My husband looked at me funny when I told him and suggested that some might consider that to be a little bit crazy. OK, he didn't say "little bit." I added that to protect my feelings.
So the lady who wrote the blog said, why do I care if strangers are upset? Am I afraid I won't be invited to their birthday party?
Why? Because I'm as crazy as a bag of cats. I want people to come to my party, but I don't want to be there. I want to be invited to parties, but I don't want to go. I want people to like me, even if I don't like them. Go figure.
So the point is not that I'm neurotic, but how my being this kind of neurotic is making it hard for me to let things go and to say no to things I really don't want to do.

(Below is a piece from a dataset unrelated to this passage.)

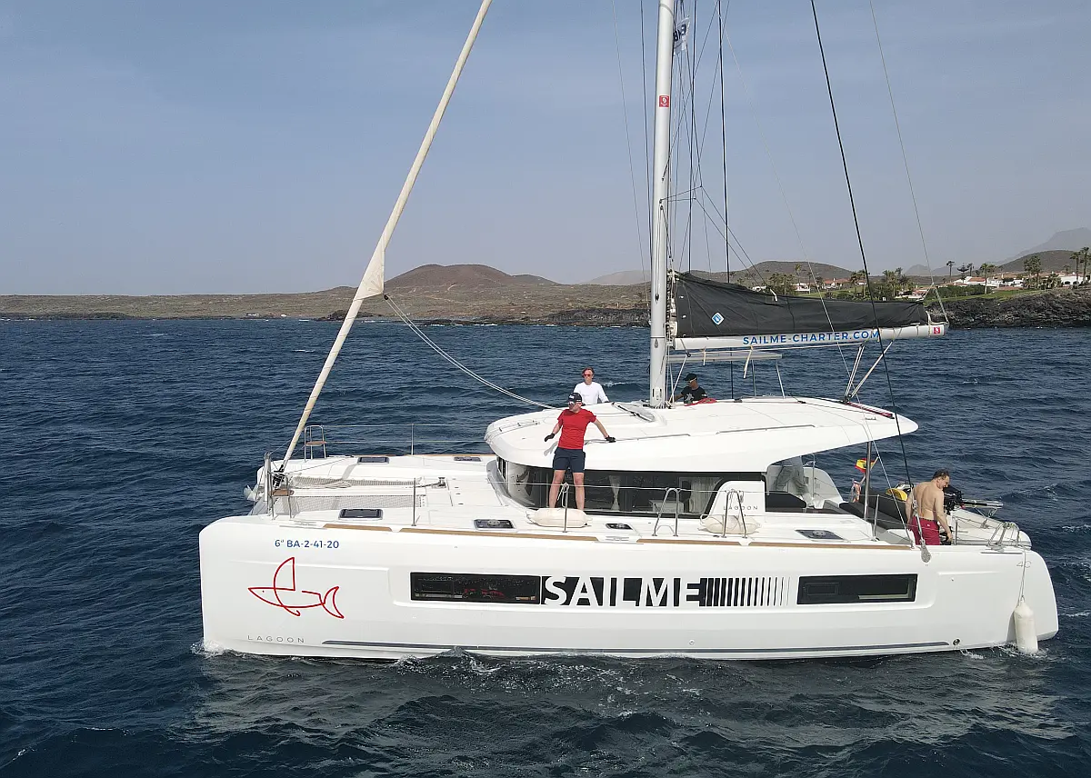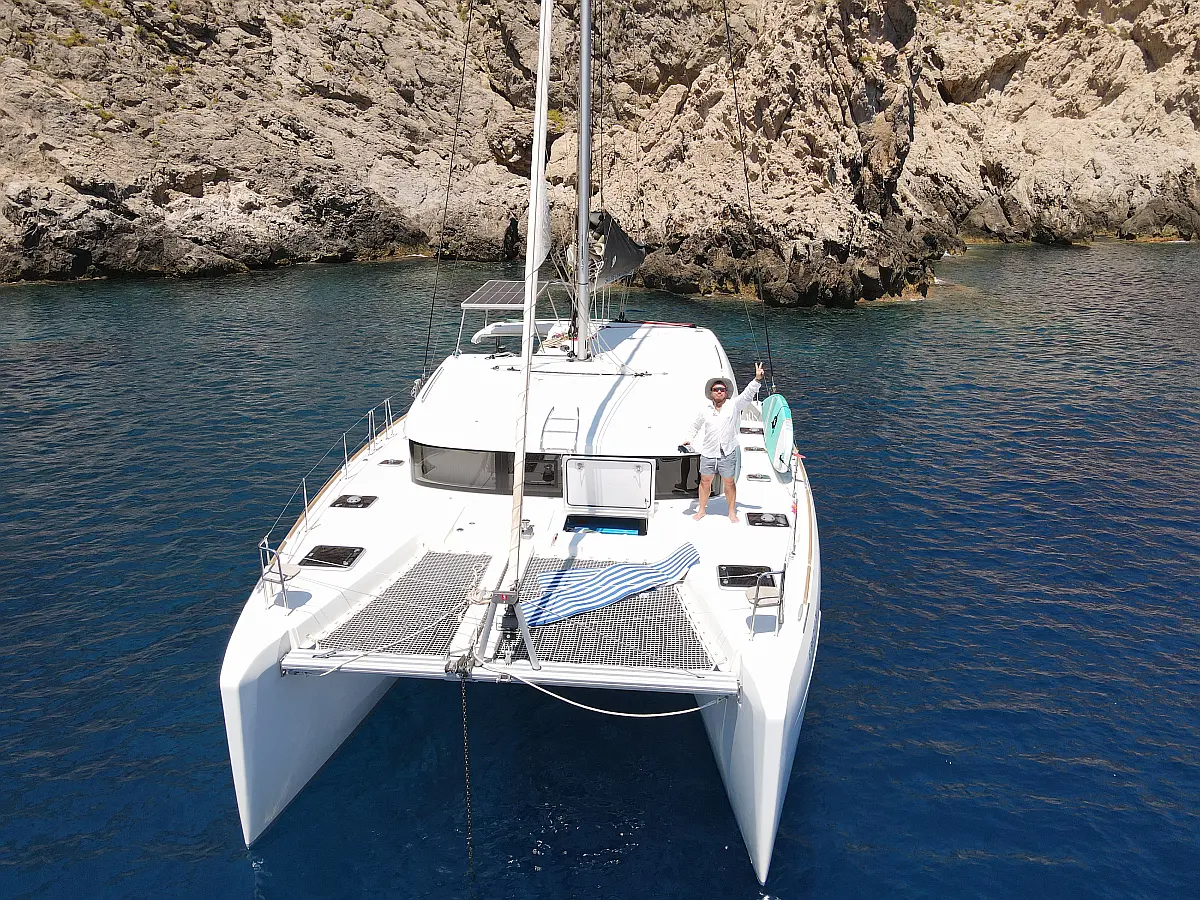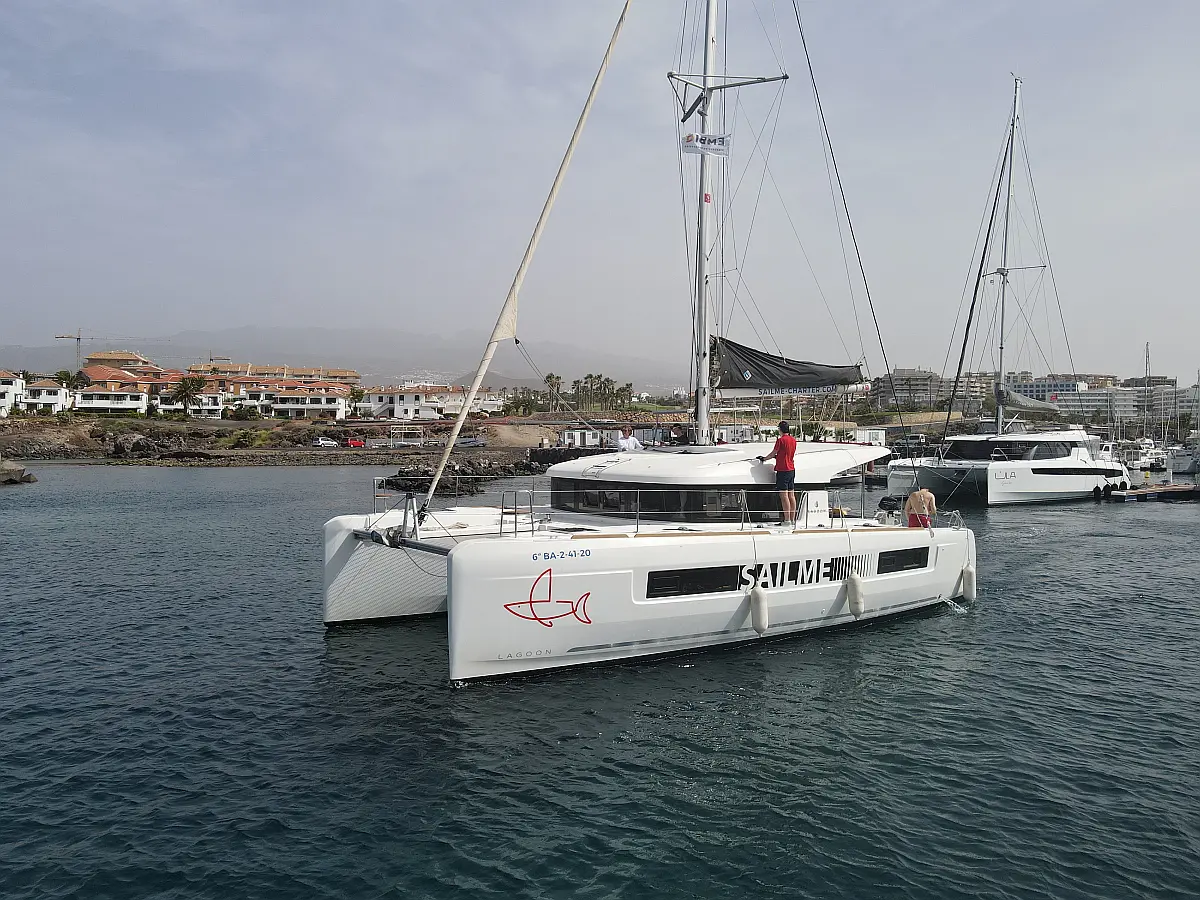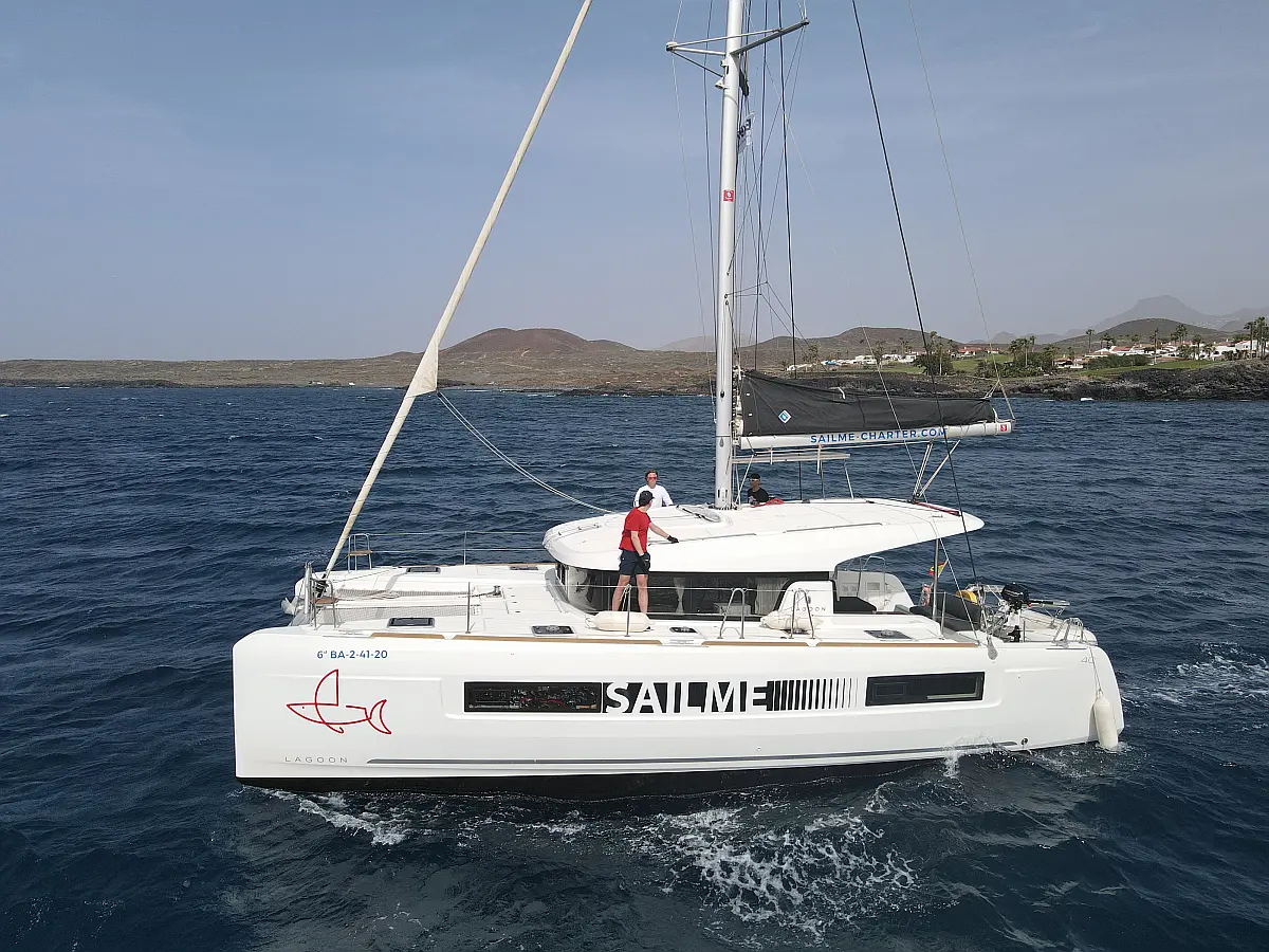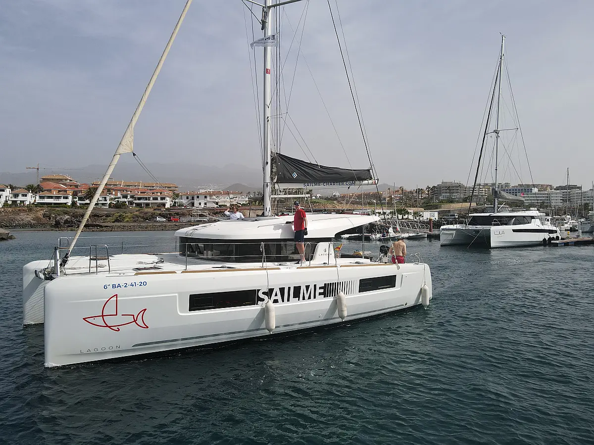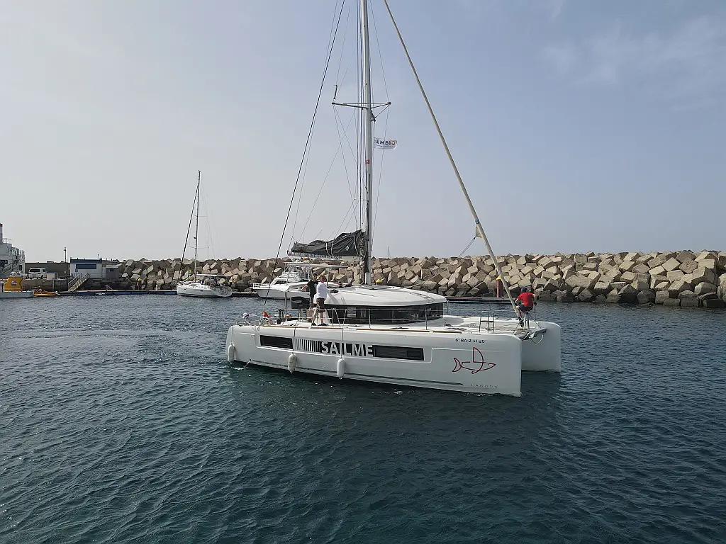 Binoculars, Torch, Charts, Pilotbook, Pencil (true), Rubber, Divider, Tool box, Kitchen equipment, Bosuns chair, Winch handles, First aid, Inverter 220V (true), Dinghy, Shore power cable, Life jackets, Sprayhood, Autopilot, Cockpit cushions, Wind station, Echo sounder, Cockpit shower, Lazy bag, Furling genoa, VHF, EPIRB, Compass, Fire extinguishers, Liferaft, Mooring lines, Outboard engine, Swimming ladder, Full batten mainsail, Fire extinguisher, Windlass+remote (true), Flares, Furling mainsail, Solar panels, GPS in cockpit (true)

This week, after a series of unfortunate incidents, I said no to something I shouldn't have started. And now people are mad at me. I'm mad at them, but I don't want them to be mad at me. And I know in my head that I shouldn't justify myself, but I want everyone to know I'm right and they are badly maligning me.. God that sounds so pathetic. With reason.
OK, Kathy. Let it go. Move on, don't worry about what other people think. Don't justify; don't talk about it anymore. No one cares. And you didn't want to go to the birthday party anyway.